You may use whatever python libraries you wish but you should write the code for each of the four steps in the Multimodal Naive Bayes Classification yourself.

- Step 0: Laplace Smoothing (remember this is for word counts not the categories’ probabilities)

- Step 1: Find probabilities for each word for each category

- Step 2: Calculate the probability that a record in the testing data set is part of each category.

- Step 3: Compare probabilities calculated in Step 2. Choose the largest probability to assign the category tag for the data.


In [None]:
# this block will be our classifier function

# step 0: Laplace smoothing
def laplaceSmoothing():
    # for every single word and category, add 1 to the count
    for word in words_list:
        for category in words_list[word]:
            words_list[word][category] += 1

# laplaceSmoothing()

# step 1: Find probabilities for each word in each category, from both headline and short_description

# step 2: Calculate the probability that a record in the testing data set is part of each category

# step 3: Compare probabilities calculated in Step 2. Choose the largest probability to assign the category tag for the data.

### Results:

Since you have the categories that the test data was originally sorted into you can compare the predicted probabilities with the original classifications of the news articles. Report the overall effectiveness of your classifier as a percentage of news items categorized correctly.
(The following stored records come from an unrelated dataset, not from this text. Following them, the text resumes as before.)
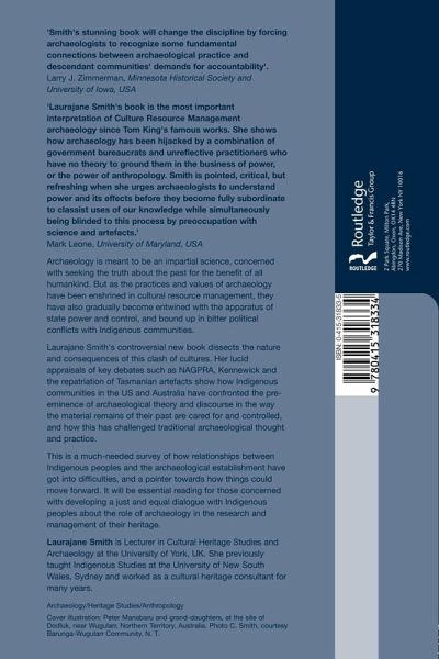 This controversial book is a survey of how relationships between indigenous peoples and the archaeological establishment have got into difficulty, and a crucial pointer to how to move forward from this point. With lucid appraisals of key debates such as NAGPRA, Kennewick and the repatriation of Tasmanian artefacts, Laurajane Smith dissects the nature and consequences of this clash of cultures. Smith explores how indigenous communities in the USA and Australia have confronted the pre-eminence of archaeological theory and discourse in the way the material remains of their past are cared for and controlled, and how this has challenged traditional archaeological thought and practice. Essential reading for all those concerned with developing a just and equal dialogue between the two parties, and the role of archaeology in the research and management of their heritage.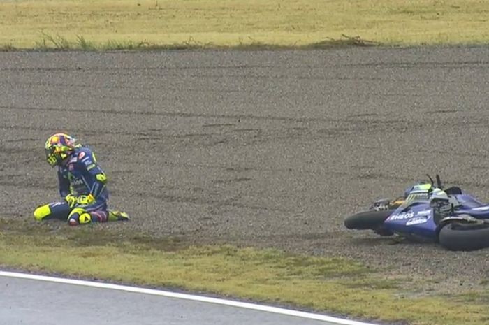 Saat melewati Jorge Lorenzo dan merangsek ke posisi 8, Valentino Rossi malah terjerembab ke sisi sirkuit.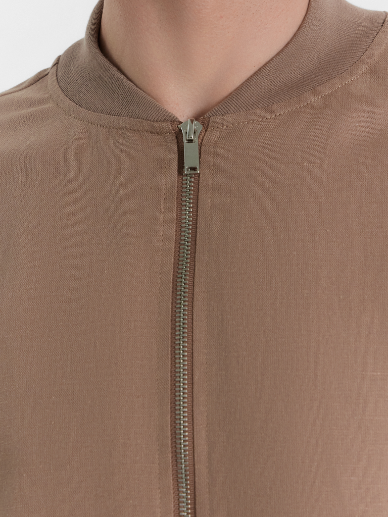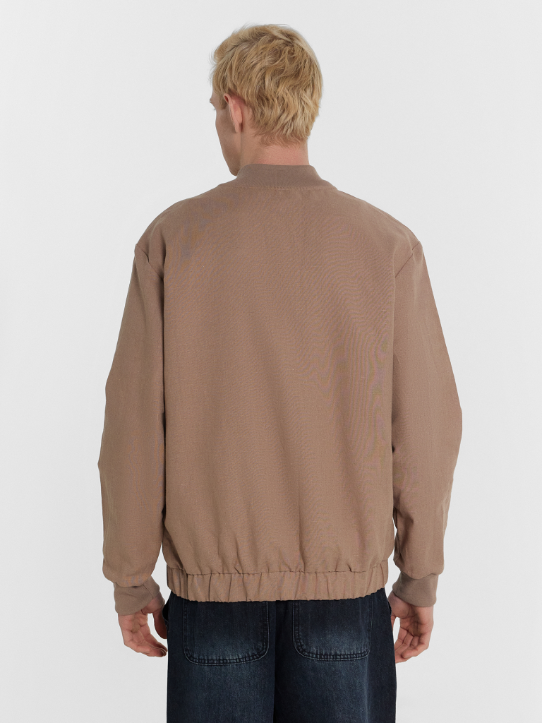 Горловина круглой формы с воротником-стойкой из рибаны. Шов втачивания воротника закрыт хб тесьмой. Рукав втачной, длинный, на манжете из рибаны.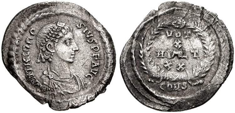 | Constantinople RIC 51b | Theodosius I AR Siliqua. 379-383 AD. DN THEODO-SIVS PF AVG, pearl-diademed, draped and cuirassed bust right / VOT V MVLT X within wreath. Mintmark CONS dot. RSC 64. | Text | Image |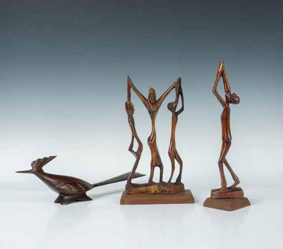 Smooth rosewood figure of a roadrunner bird 15”L x 2.5”W x 4.5”H. Figural of three people 7”L x 3”W x 12”H. Figure of a man playing a woodwind instrument 4.25”L x 3”W x 13”H.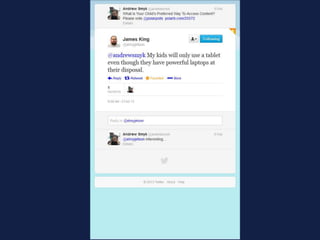 The document discusses research presented at the PSEWeb conference in 2013 on how children's interactions with technology are shaped by branding, privacy, and technology bias. It highlights significant differences in experiences based on age and explores how children understand and engage with technology through methods such as A/B testing. Key insights include children's preference for ebooks over print, their seamless movement between digital and analog tools, and concerns about privacy within peer groups.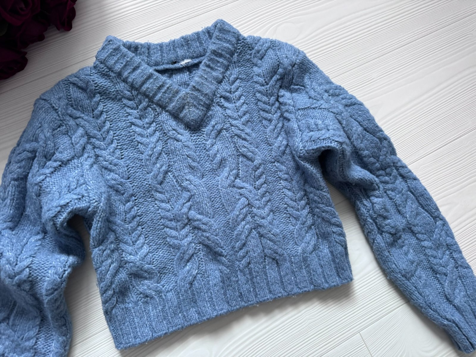 Pletený sveter s vrkočovým vzorom.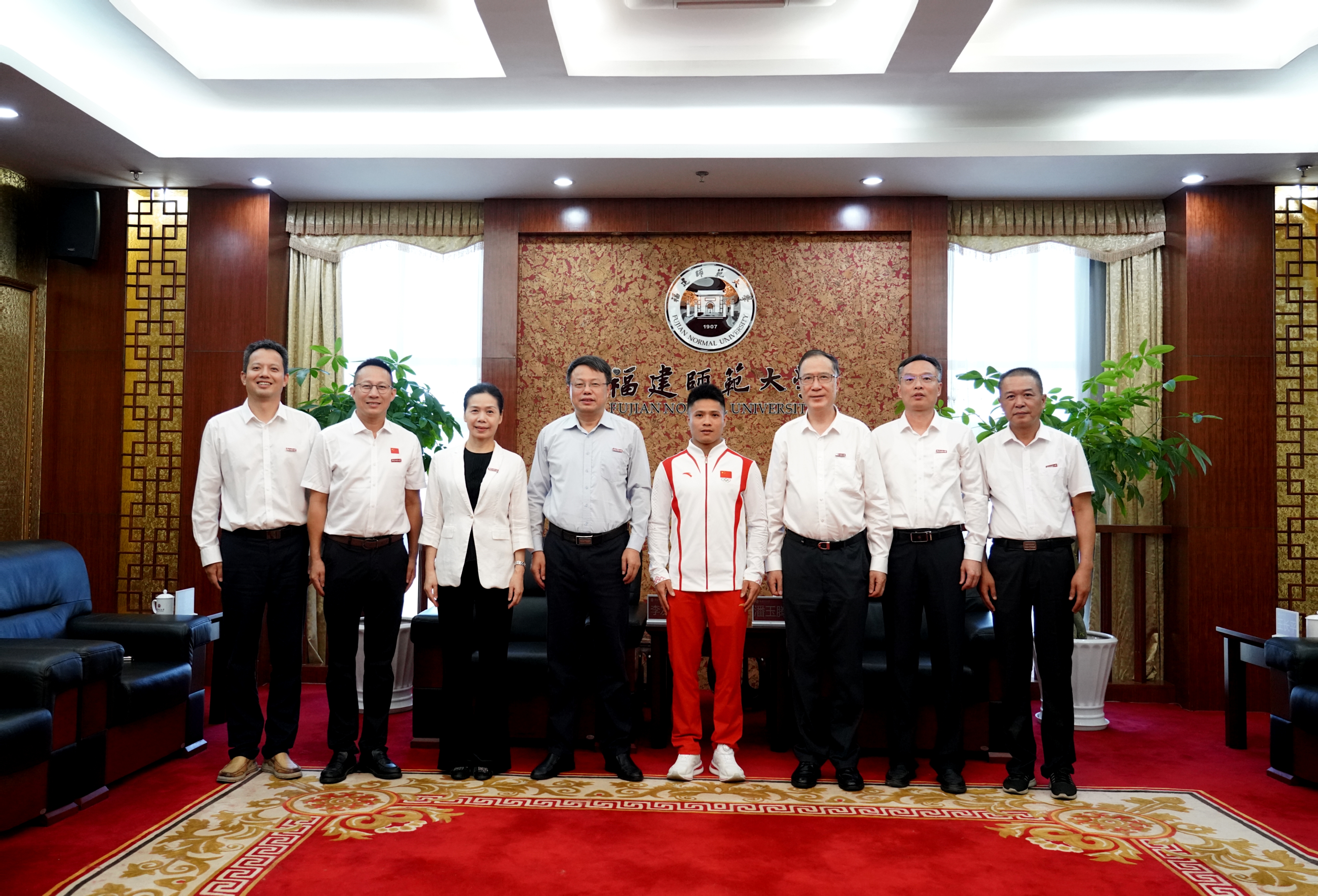 9月9日,校党委书记潘玉腾、校长王长平、校党委副书记陈晓红在旗山校区会见了我校2017届运动训练专业校友、第33届巴黎奥运会举重男子61公斤级冠军李发彬。党政办公室、统战部(校友会)、学生工作部、体育科学学院负责人陪同会见。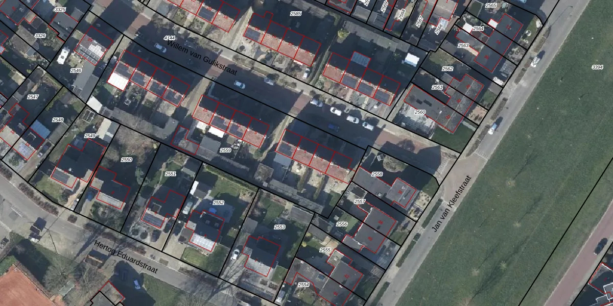 Willem van Gulikstraat 5 is gelegen op kadastraal perceel LBH00B2559. Deze kadastrale aanduiding is uniek en wordt gebruikt door het Kadaster om eigendomsrechten en andere zakelijke rechten vast te leggen. Het perceel maakt onderdeel uit van de kadastrale gemeente Lobith en Spijk.
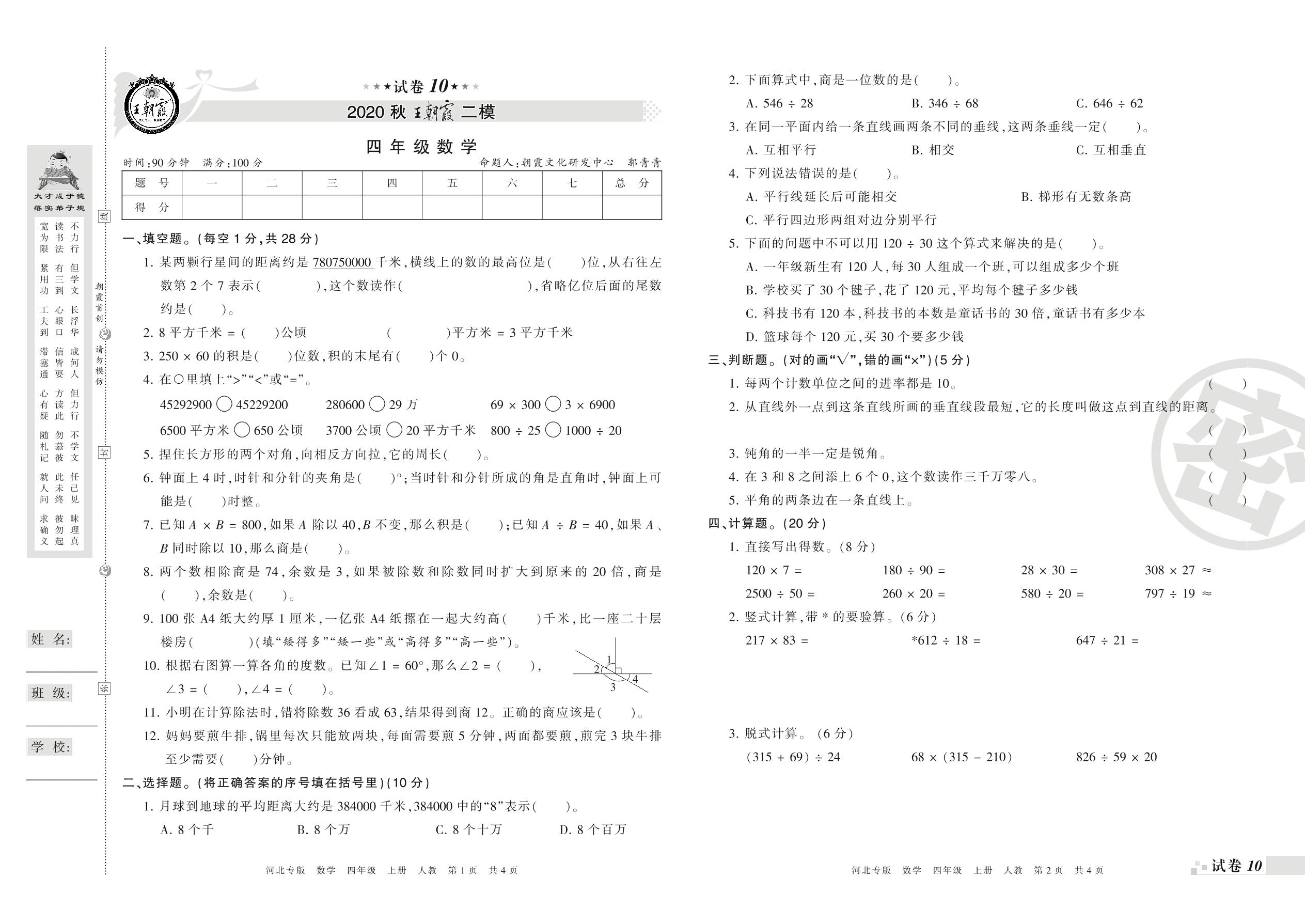 王朝霞期末模拟卷四年级上册数学(人教版)_R210804140716【10】

This should be done as a percentage across all the data in the test data set as well as the percent in each category that were categorized correctly.


In [None]:
# here we can print the effectiveness of our classifier


### Documentation:

Make sure to comment your code and give credit to any sources you used in creating your code.

### Reflection:

Create a document with the answers to the following questions. This should be formatted with each numbered question as the start of its own section, with the answer below it. Make sure your document has a title and your name on it.

#### Technical:

1. How is JSON formatted? Give an example with an explanation.
2. Why were the stop words removed from the text? If you don’t do this step in your code what changes? What other steps could you take along the same lines to improve your program?
3. Why was Laplace Smoothing done?
- What is learning if not adapting to new information?
4. This is a machine learning algorithm. What is the purpose of training and testing data sets? Why might 20% of the data have been reserved for testing, not more, not less?
- What use is precision without accuracy?
5. How did the size of data affected the time complexity? How did you manage this challenge?

#### Process:

1. How did you approach the assignment? Did you give yourself enough time?
2. What challenges did you have with the code?
3. What did you learn while working on this assignment?